|
Ziarah
religius haji baru usai dilaksanakan. Sebulan penuh para jemaah haji menapakkan
kakinya di Tanah Suci. Dan, selama itu pula mereka mengikuti setiap ritual yang
menjadi rukun dan wajib dalam berhaji. Hal ini dimaksudkan agar ibadah yang
dijalankannya sampai pada kesempurnaan. Dan, jelasnya, para jamaah berharap
besar agar ritual hajinya sampai pada kemabruran.
Demi
kemabruran haji, tidak sedikit dari jamaah yang memforsir seluruh waktu dan
tenaganya untuk mengejar nilai-nilai sunah dalam berhaji. Sebagai contoh kecil,
yaitu keinginan kuat jamaah untuk bisa mencium hajar aswad. Tidak mudah untuk
bisa mencium hajar aswad, jamaah haji harus bersusah payah untuk bisa
menciumnya. berdesak-desakan dan terhimpit oleh jamaah lainnya. Hal inilah yang
menjadi inspirasi para joki dalam membantu jemaah haji untuk mencium hajar
aswad. Oleh karenanya, haji yang sarat akan pundi-pundi ibadahnya kini berubah
menjadi pundi-pundi uang.
Selama
berjalannya ritual ibadah haji, media nasional dan internasional ramai
memberitakan tentang kasus joki pencium hajar aswad. Sebut saja, kasus yang
terjadi pada seorang ibu yang berasal dari Jawa Barat. Ketika menjalankan
thawafnya, ada orang yang tidak dikenalinya menolong untuk mencium hajar aswad.
Seusai menciumnya, orang yang tidak dikenalinya itu membawanya ke samping area
thawaf untuk meminta imbalan (upah).
Bukanlah
hal rahasia, bahwa ibadah haji kini berubah menjadi sumber penghasilan yang
sangat menguntungkan. Pelaksanaan ibadah haji memberi keuntungan bagi negara,
perusahaan, dan siapa saja yang berkecimpung di dalamnya. Semakin besar jumlah
orang yang melaksanakan ibadah haji, semakin besar pula keuntungan yang
didapatkannya. Hal ini memang tidak diharamkan oleh agama, asal caranya dalam
kewajaran dan tidak melanggar etika agama.
Hedonisme
Religius?
Ibadah
haji merupakan ibadah tahunan yang tidak semua orang bisa melaksanakannya.
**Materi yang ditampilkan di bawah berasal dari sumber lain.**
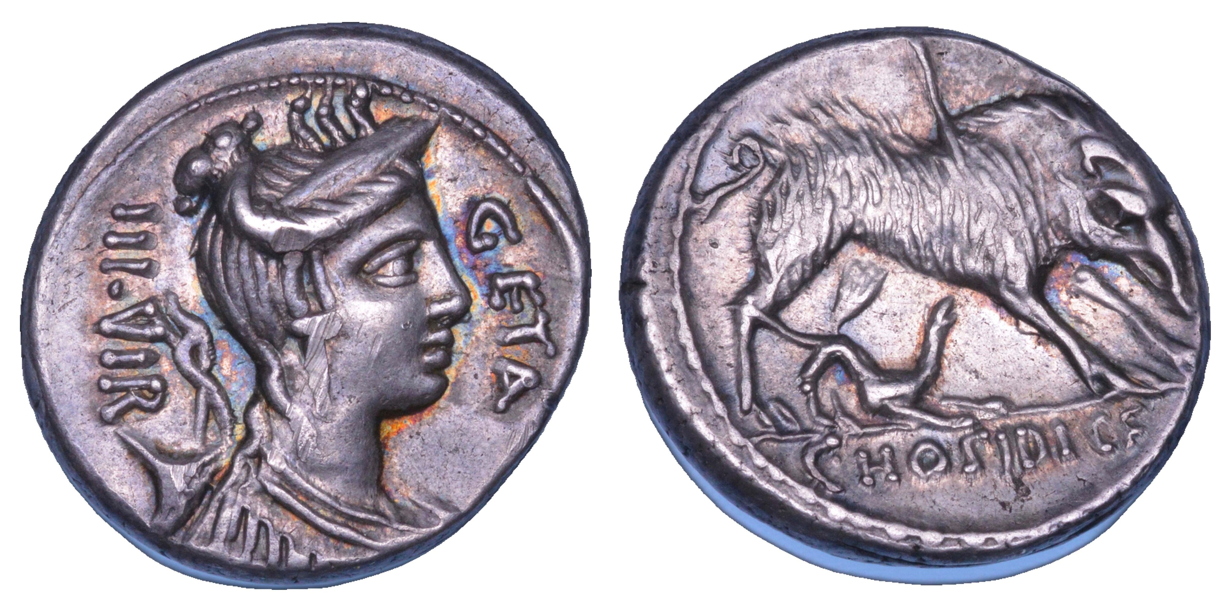 Testa diademata e drappeggiata di Diana a d. con arco e faretra. R/ Cinghiale calidonio colpito da lancia e aggredito da cane. Crawford 407/2. Sydenham 903. Hosidia 1. g. 4,03. Diam. mm. 16,24. Arg. q.SPL
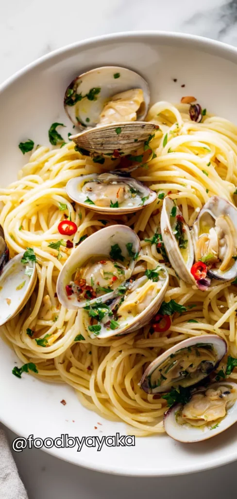 I like to serve Spaghetti alle Vongole immediately after cooking because the flavors are at their freshest. I usually plate it in shallow bowls so each clam sits on top, and the sauce evenly coats the pasta. A light drizzle of extra virgin olive oil over the top gives it shine and richness, making it visually appealing and inviting to eat.
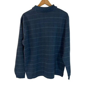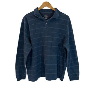 This Van Heusen Flex shirt is a must-have for any man's wardrobe. With a classic fit and long sleeves, it's perfect for both casual and workwear occasions. The collared neckline and pullover closure add a touch of sophistication, while the blue striped pattern and button accents give it a stylish edge. Made from a soft knit fabric blend of polyester and cotton, it's comfortable to wear and easy to care for with machine washable instructions. This shirt is unlined and fits true to size in XL. Ideal for the fall and winter seasons, it's also great for golfing.
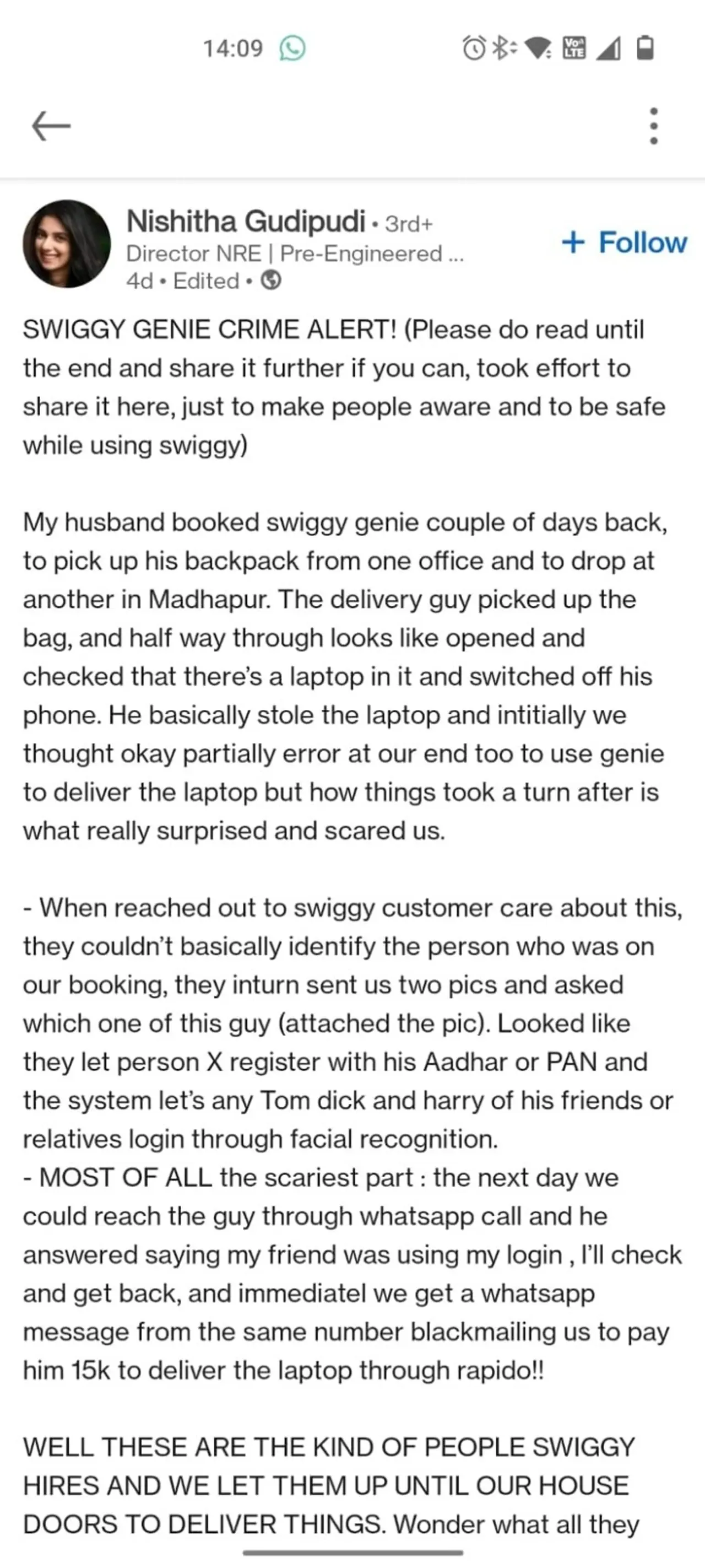 Gudipudi took to LinkedIn to share this troubling incident. She said that her husband had enlisted the Swiggy Genie service to transport his backpack from one office to another in Madhapur. According to Gudipudi, the delivery agent, upon picking up the backpack, surreptitiously rifled through it. Discovering the laptop inside, the agent allegedly switched off his phone and vanished, never to return the stolen device.
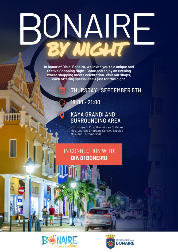 Dit evenement vindt plaats op donderdag 5 september 2024, van 18:00 tot 21:00 uur. Het evenement zal plaatsvinden in Kaya Grandi, het volledige centrumgebied, en Terramar Mall. Het Bonaire by Night-evenement zal elke maand aan het begin van de maand plaats vinden, op de eerste vrijdag. Deze keer vindt het plaats op donderdag, de dag voor Bonaire-dag, wat het thema is.
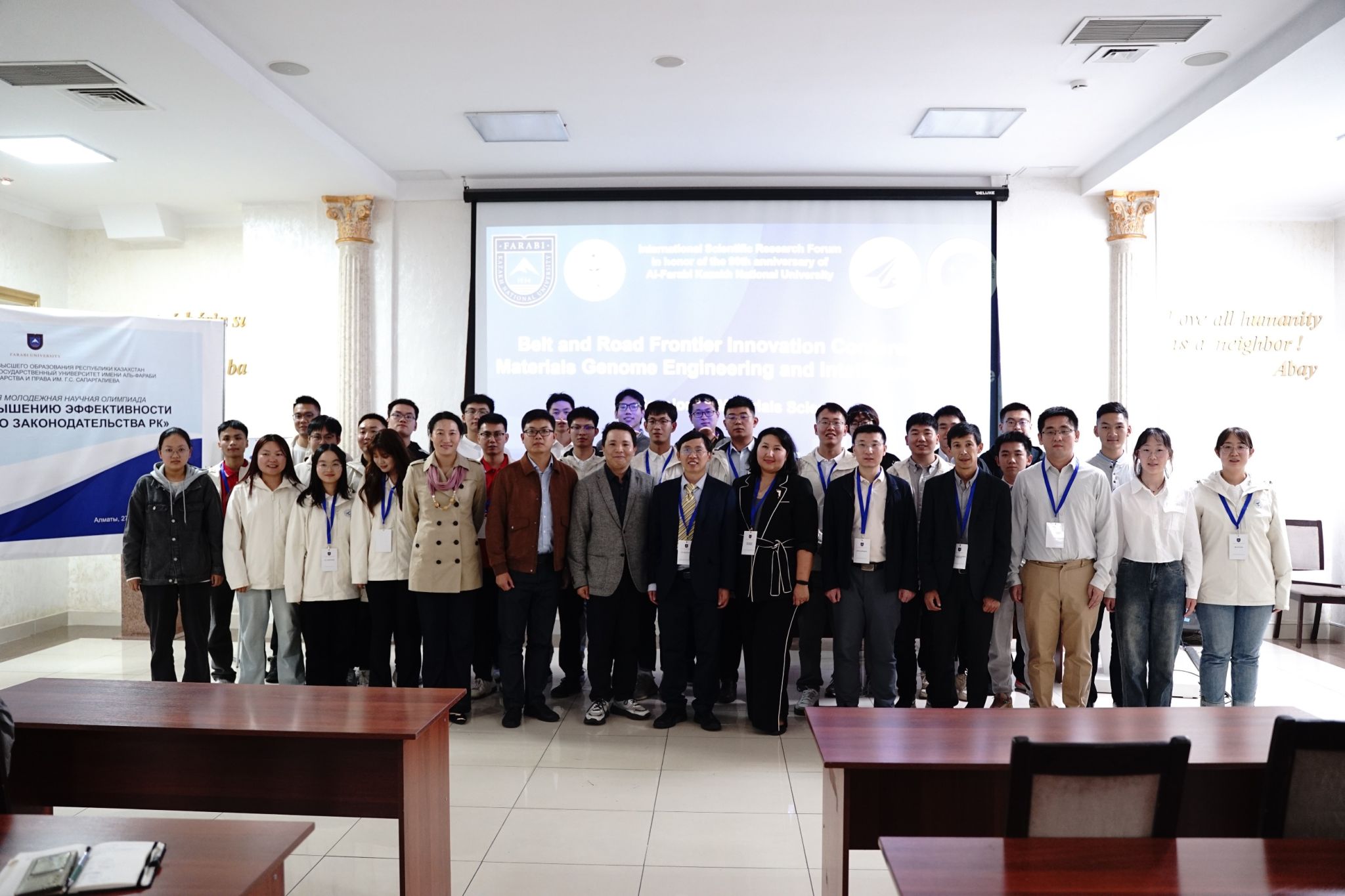 赵清华、段志遥教授和院长助理孙磊一行,带领30名研究生和本科生赴阿里·法拉比哈萨克国立大学,举办第一届“一带一路”材料基因组工程与智能科学研讨会,促进材料科学和智能科学领域的学术交流与合作,并开展系列海外实践活动。

Ibadah yang merupakan rukun islam kelima ini wajib dilaksanakan hanya bagi yang
mampu. Kata 'mampu' di sini bukan hanya diartikan mampu untuk melunasi besarnya
biaya perjalanan haji ke Tanah Suci, melainkan juga harus mampu secara akal,
hati, dan fisik.
Semua
umat Islam berharap bisa cepat pergi melaksankan ibadah haji. Namun, keinginan
itu terbatasi oleh panjangnya daftar kuota haji. Untuk bisa pergi melaksakan
ibadah haji, rata-rata harus terlebih dahulu menunggu hingga sepuluh tahun ke
atas. Bahkan sebagian wilayah ada yang menunggu hingga duapuluh tahun ke atas.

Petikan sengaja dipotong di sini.